En effet pour les fonctionnaires entrant dans le champ d’application des décrets précédemment cités, l’agent est informé de sa possibilité de consulter son dossier individuel et de se faire assister par le(s) défenseur(s) de son choix. Il est ensuite convoqué devant une commission paritaire qui aura à charge de statuer sur son sort, et devant laquelle il peut être représenté.
Dans tous les autres cas, la réglementation statutaire propre à la fonction publique a vocation à protéger les agents, puisque de la même manière aucune sanction disciplinaire ne peut intervenir sans la mise en place au préalable d’une procédure dont les modalités sont fixées par la loi du 13 juillet 1983.
Cette procédure a pour objet de garantir certains droits à l’agent poursuivi.
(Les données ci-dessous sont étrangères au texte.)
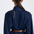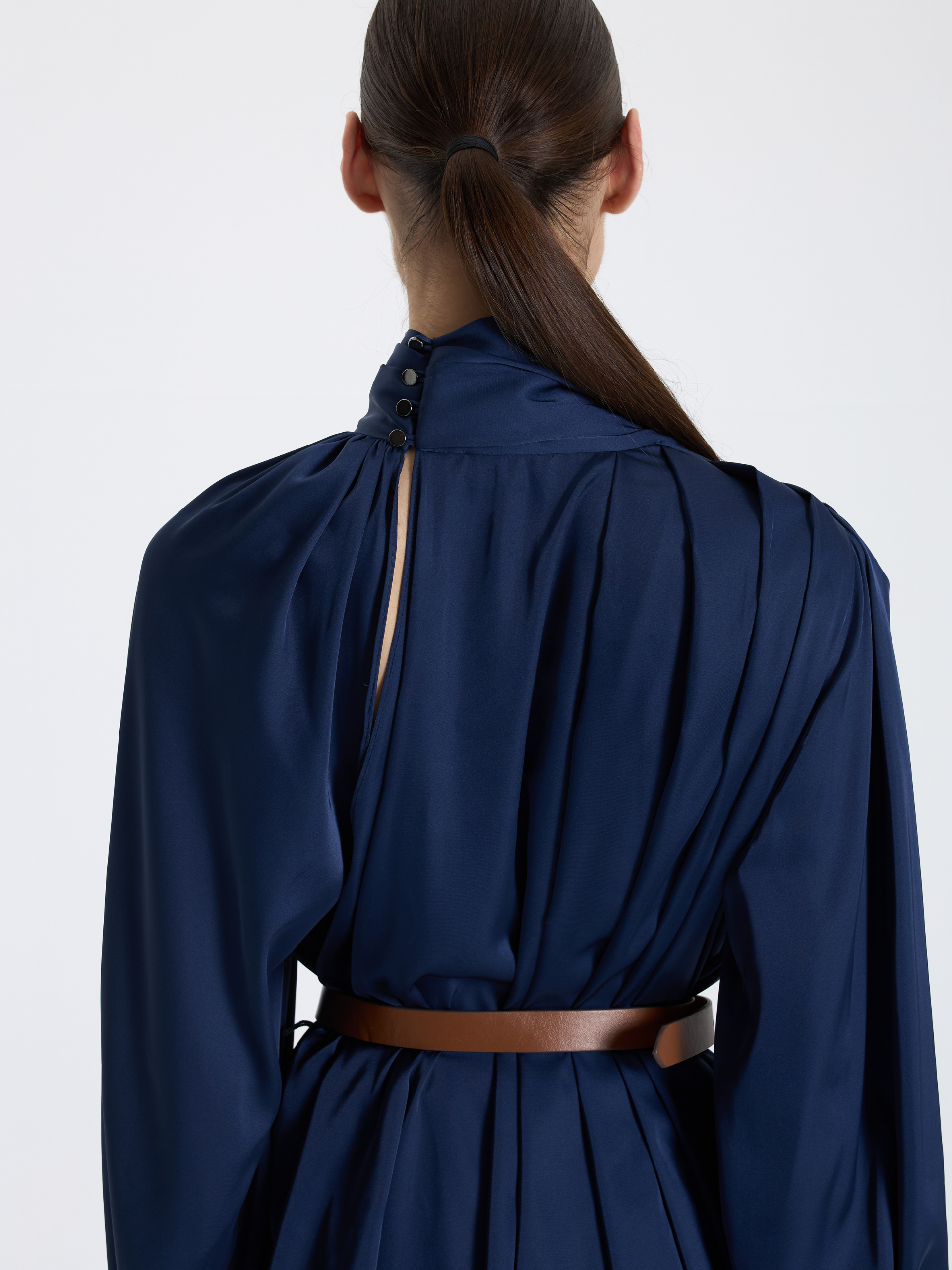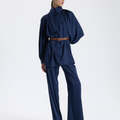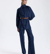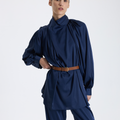 This BAQA blouse in blue with a draped neckline offers an elegant and eye-catching design.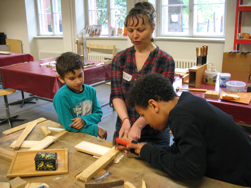 Die sichere Handhabung verschiedener Handwerkstechniken lernen in diesem Workshop auf jeden Fall beide Gruppen und Freude an der eigenen Kreativität und am Selbermachen.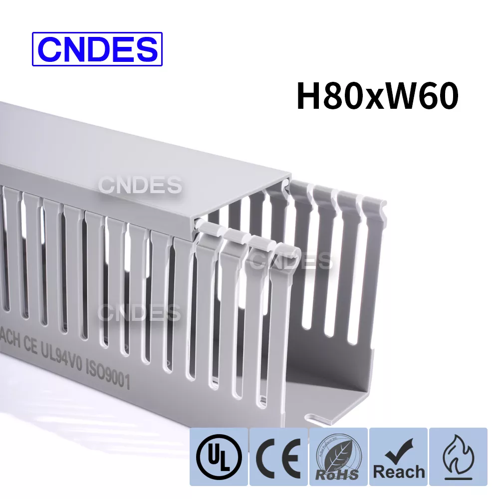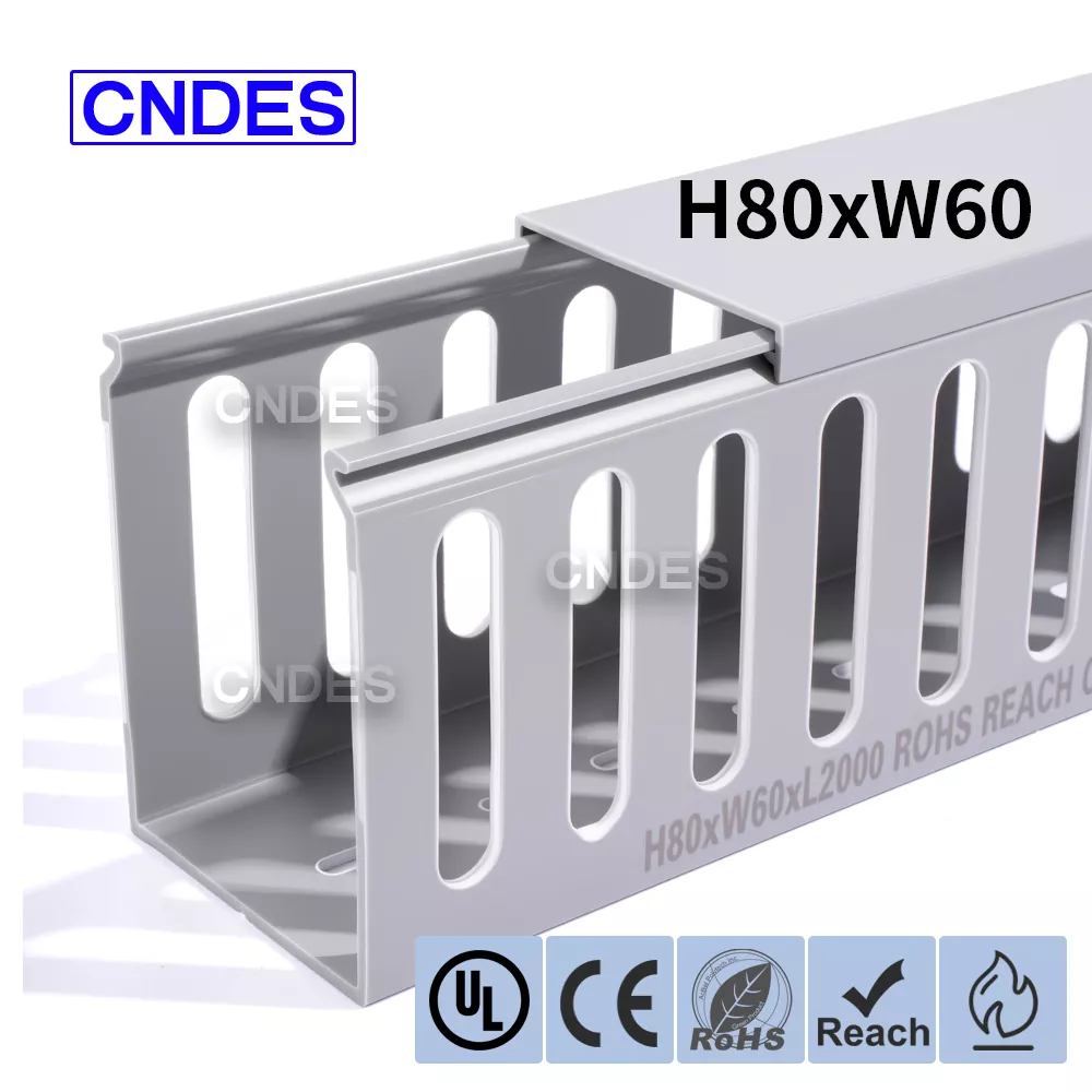 CNDES является ведущим производителем и поставщиком кабельных каналов из ПВХ с прорезями, внесенным в список UL, с конкурентоспособными заводскими ценами! Этот изготовленный по индивидуальному заказу кабельный канал из ПВХ с прорезями размером 80×60 имеет равномерно расположенные открытые прорези с обеих сторон для быстрой прокладки кабеля, заправки резьбы и последующего обслуживания. Расширенные края пазов повышают жесткость конструкции и одновременно увеличивают пропускную способность кабеля. Закругленные края предотвращают повреждение изоляции руками или проводами во время установки. Кабельный канал из ПВХ с прорезями, внесенный в список UL, включает нескользящие крышки, обеспечивающие надежное закрытие и предотвращающие случайное открытие.

Toute d’abord, celui-ci dispose d’un droit à l’information. En effet l’information de l’agent est un préalable obligatoire qu’il soit stagiaire, contractuel ou titulaire. Celui-ci doit être en mesure de connaître les faits reprochés, la sanction envisagée, la possibilité de prendre connaissance de son dossier individuel, de se faire assister par le(s) défenseur(s) de son choix, et de présenter des observations. Une sanction disciplinaire étant une décision défavorable, l’édiction de celle ci doit, en application des dispositions du code des relations entre le public et l’administration, être précédée d’un débat contradictoire. Et l’agent doit être en mesure de s’expliquer sur les faits qui lui sont reprochés.
Cette possibilité est garantie par l’obligation de convoquer l’agent à un entretien préalable, mais également par l’obligation de saisir un conseil de discipline lorsque la sanction envisagée fait partie des 2,3 et 4éme groupe.
Dans cette hypothèse, l’agent a le droit d’être représenté et de choisir le représentant de son choix. L’avocat produit alors un mémoire en défense qu’il communique au conseil de discipline. Lors du conseil, le président présente le rapport disciplinaire de l’administration, le mémoire en défense, puis chacune des parties présente des observations et répond aux questions des membres du conseil. Si l’avis de ce conseil n’est pas obligatoire, la saisine du conseil de discipline constitue une garantie pour l’agent contre une sanction injustifiée ou discriminatoire.
En parallèle, si l’agent est poursuivi pénalement pour les mêmes faits, celui ci peut faire l’objet d’une suspension provisoire. Cette mesure conservatoire permet, dans l’attente d’un jugement pénal ou du prononcé d’une sanction à son encontre, d’écarter l’agent du service.
Dans tous les cas la décision portant sanction disciplinaire devra respecter un certain formalisme, elle devra notamment être motivée. Le non respect de ce formalisme pourra entraîner l’annulation de ladite sanction.
Enfin le choix de la sanction devra être guidé par un principe de proportionnalité. Toute faute ne justifie pas une révocation, la sanction devra être nécessairement proportionnée à la faute commise et prendre en compte l’ensemble de la carrière de l’agent (ancienneté, responsabilité, passé disciplinaire, etc … ).
A défaut, la décision pourra faire l’objet d’un recours contentieux dans un délai de deux mois, devant l’autorité compétente.
Dans tous les cas la radicalisation n’est pas en tant que tel un motif de révocation du fonctionnaire, et toute sanction prise sur ce seul fondement pourra faire l’objet d’une contestation de la part de l’agent poursuivi.
Cependant il n’est pas exclu qu’à l’avenir un changement intervienne sur ce point.
En effet le ministre de l’Intérieur, devait, au vue des évènements récents, ouvrir un débat sur la possibilité d’un projet de loi permettant de rendre automatique la révocation des fonctionnaires en cas de radicalisation.
La difficulté résidera alors dans la définition du terme de « radicalisation », afin d’éviter que celle-ci soit trop large et favorisent l’édiction de mesures disciplinaires injustifiées ou discriminatoires.
Discussion en cours :
Que faites-vous de la procédure spécifique du code de la sécurité intérieure applicable aux titulaires et agents contractuels ? Il me semble que votre article ne couvre pas tous les champs applicables à cette question sensible.